== Material for this task ==
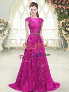 Customized Fuchsia Zipper Lace and Appliques Cap Sleeves Sweep Train
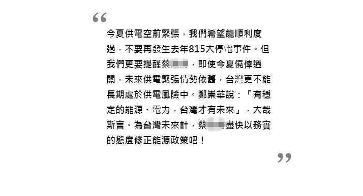 因此說明年之后就無缺電之虞,不只過度樂觀更已枉顧現實,F實狀況是:供電仍然吃緊,蔡當局必然要讓原本應除役的老舊電廠繼續運轉,臺中、高雄地方對電廠減煤兩成的要求也不能執行。但這么一來,全臺的空污與排放就難有改善的一天。蔡英文在接見環保團體時說“這10年是臺灣能源政策轉型最痛苦的10年”,其實更接近事實,也代表供電緊張會是長期問題。
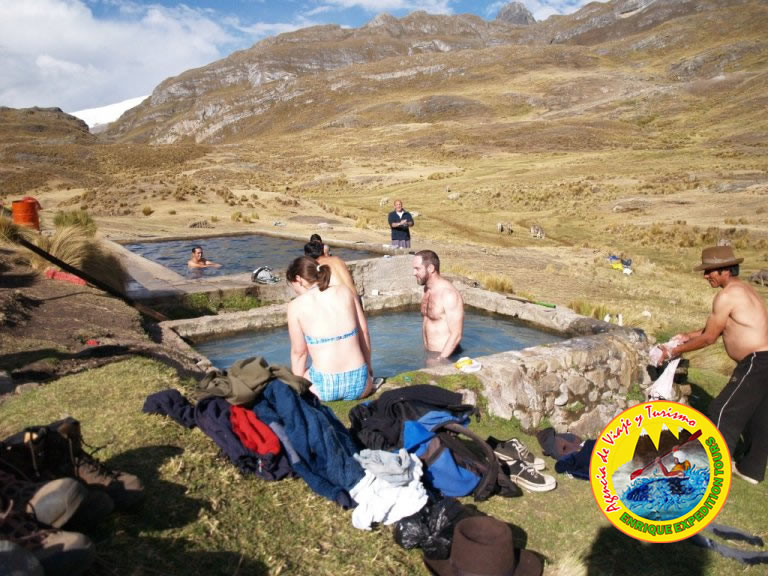 We will leave very early to pass the fourth pass of Portachuelo (4750m). There we can see the mountains Puscanturpa, Cuyoc, Millpo and a part of the Cordillera Raura. After we will arrive at our campsite in Viconga (4300m) you will have the chance to take a bath in the hot springs of Atuscancha (4000m).
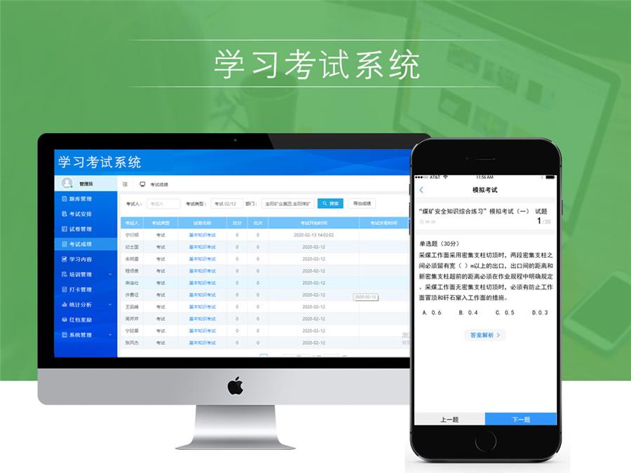 系统包括:题库管理、考试安排、试卷管理、考试成绩、学习内容、培训管理、打卡管理、统计分析等模块。
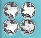 TEXAS REVOLUTION SERIES This is a .... 4 COIN SET of 1 TROY oz. .9999 pure SILVER Rounds,... From "2020 thru 2023" Lone Star TEXAS design, .... These 1 oz . SILVER coins are 39mm in size, see the scans, the actual coins look better,..... Bright white uncirculated pieces.... .These 4 coins have been made with proof like disks and they have Beautiful Cameo effects..... ..BEST PRICE PER COIN..... .... From a smoke free environment....They will be shipped in NEW CLEAR ACRYLIC CAPSULES, then wrapped and padded in a solid box for protection, along with full tracking and insurance...

== What to produce ==
What this calls for is a word-for-word copy of the listing above, pictures excluded.

== The completed task ==
 Customized Fuchsia Zipper Lace and Appliques Cap Sleeves Sweep Train
 因此說明年之后就無缺電之虞,不只過度樂觀更已枉顧現實,F實狀況是:供電仍然吃緊,蔡當局必然要讓原本應除役的老舊電廠繼續運轉,臺中、高雄地方對電廠減煤兩成的要求也不能執行。但這么一來,全臺的空污與排放就難有改善的一天。蔡英文在接見環保團體時說“這10年是臺灣能源政策轉型最痛苦的10年”,其實更接近事實,也代表供電緊張會是長期問題。
 We will leave very early to pass the fourth pass of Portachuelo (4750m). There we can see the mountains Puscanturpa, Cuyoc, Millpo and a part of the Cordillera Raura. After we will arrive at our campsite in Viconga (4300m) you will have the chance to take a bath in the hot springs of Atuscancha (4000m).
 系统包括:题库管理、考试安排、试卷管理、考试成绩、学习内容、培训管理、打卡管理、统计分析等模块。
 TEXAS REVOLUTION SERIES This is a .... 4 COIN SET of 1 TROY oz. .9999 pure SILVER Rounds,... From "2020 thru 2023" Lone Star TEXAS design, .... These 1 oz . SILVER coins are 39mm in size, see the scans, the actual coins look better,..... Bright white uncirculated pieces.... .These 4 coins have been made with proof like disks and they have Beautiful Cameo effects..... ..BEST PRICE PER COIN..... .... From a smoke free environment....They will be shipped in NEW CLEAR ACRYLIC CAPSULES, then wrapped and padded in a solid box for protection, along with full tracking and insurance...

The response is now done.